To conclude this section, a Catholic education should ensure that scientific knowledge is not merely transformed into technology but is kept true to itself, namely, a voice singing in unison with the voices of all the sciences, the hidden truths, and the sacred mysteries of the natural world. This difficult task can be achieved either by teachers familiar with scientific and theological knowledge or by science teachers and RE teachers working, collaboratively, to support the students in appreciating the interplay between science and faith (Billingsley and Nassaji 2020). What is fundamental when teaching science in Catholic schools and universities is to train students to discern between pure science and applied science, to make them aware of and able to appreciate the importance of both types of sciences, and understand their interplay in shaping the true identity of human beings as contemplative and material creatures. This is not a utopian aim. In fact, the national curriculum in England and Wales, for science, already distinguishes between substantive knowledge (similar to the concept of pure science because it concerns scientific laws, models, and theories) and disciplinary knowledge (close to the idea of applied science, as it deals with how scientific knowledge is generated and applied).

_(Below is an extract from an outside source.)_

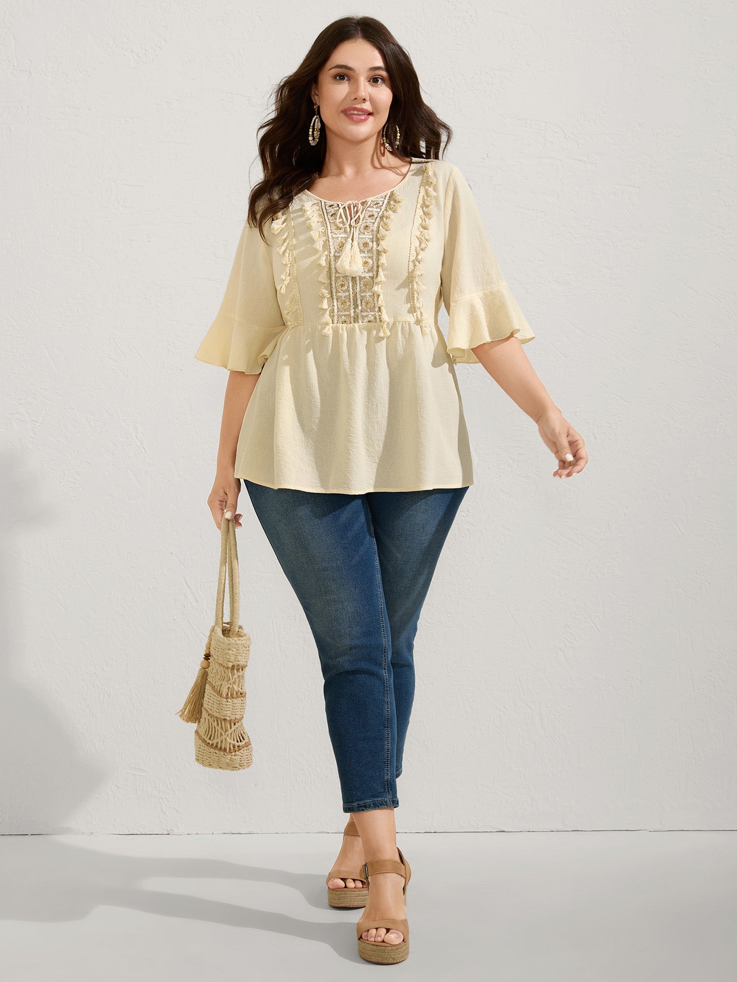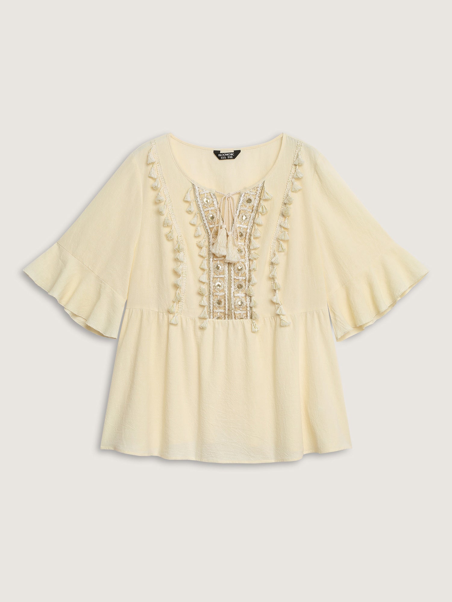 Cotton Tassel Neckline Ruffled Sleeve Solid Top

In particular, the latest review research series for science, carried out by Ofsted (the Inspection agency for England and Wales), has highlighted the importance of keeping these two sides of science separate to ensure that the students’ progress, from novice to expert, in the sciences (Ofsted 2021). However, the same report warns against the peril of a curriculum that promotes either substantive knowledge or disciplinary knowledge to the detriment of the other and does not take into the account the importance of interplay between the two to allow students to successfully progress in their scientific studies and have a robust understanding of science in its different aspects (Ofsted 2021).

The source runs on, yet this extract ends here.